In step S901, a 3DoF audio signal x (or a plurality of) including a first bitstream portion (or a plurality of first bitstream portions) is received_3DAAnd an encoded bitstream of 6DoF metadata in the second bitstream portion (or second bitstream portions).

In step S902, the 3DoF audio signal (S) x is (are) obtained from the first bitstream portion (S)_3DA. This can be done by a 3DoF decoder/renderer and also by a 6DoF decoder/renderer.

If the decoder/renderer is a legacy device for 3DoF audio rendering purposes (or a new 3DoF/6DoF decoder/renderer that switches to 3DoF audio rendering mode), the method continues with step S903, where the 6DoF metadata is discarded/ignored, and then continues to a 3DoF audio rendering operation to base on the 3DoF audio signal (S) x obtained from the first bitstream portion (S)_3DATo render 3DoF audio.

That is, backward compatibility is advantageously ensured.

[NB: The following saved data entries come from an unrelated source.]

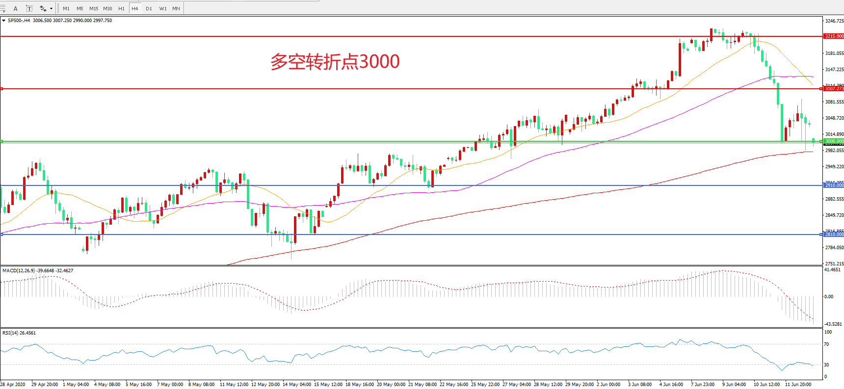 多空转折点:3000.00
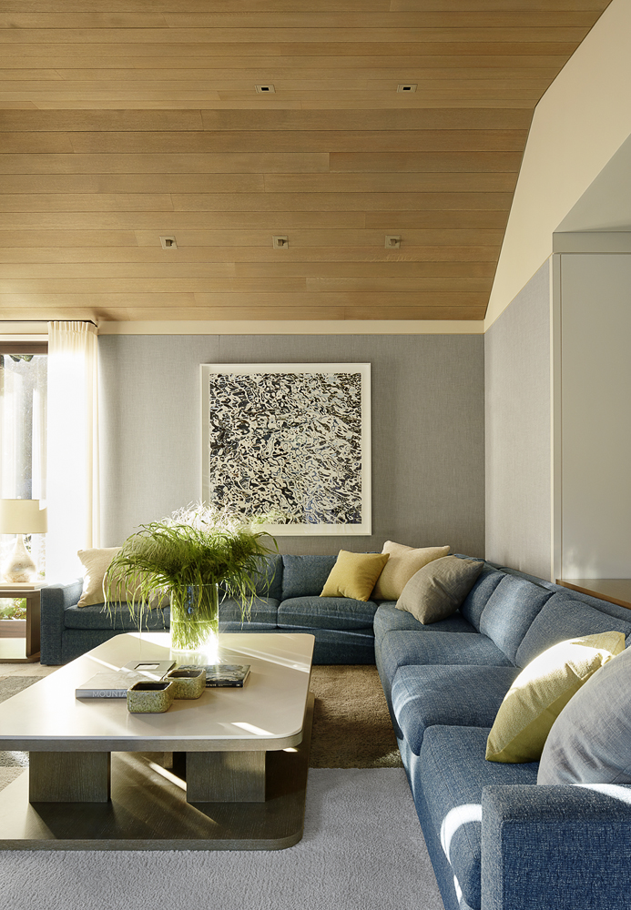 Simple sculptural shapes, textural woven fabrics, organic elements and a few accents of forest colours complete the marriage of inside and out. ‘Almost every piece of furniture has an angle or slope,’ notes David Oldroyd of ODADA. ‘But more natural shapes – such as the curvy chair legs or pebble-shaped poufs – bring in some softness,’ he adds, ‘the palette is inspired by what you see through the windows.’ David Oldroyd’s design philosophy is built on the modern re-statement of classical principles to create beautiful interiors that have an emotional impact on their occupants.
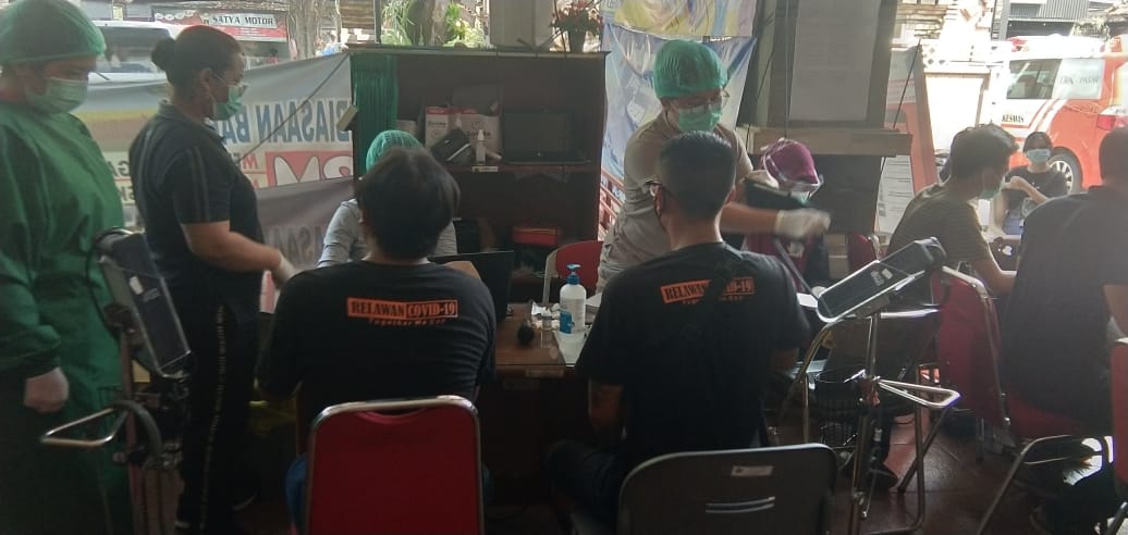 VAKSINASI – Suasana vaksinasi untuk kalangan relawan covid-19 Banjar Kertasari, Sabtu (10/4/2021).

On the other hand, if the decoder/renderer is for6DoF audio rendering purposes (such as a new 6DoF decoder/renderer or a 3DoF/6DoF decoder/renderer that switches to 6DoF audio rendering mode), the method continues with step S905 to obtain 6DoF metadata from the second bitstream portion (S).

In step S906, the method is based on the 6DoF metadata obtained from the second bitstream portion (or second bitstream portions) and the inverse transformation function a^-1From the obtained 3DoF audio signal(s) x from the first bitstream portion (or first bitstream portions)_3DAThe audio signal x of the audio object/source is approximated/restored.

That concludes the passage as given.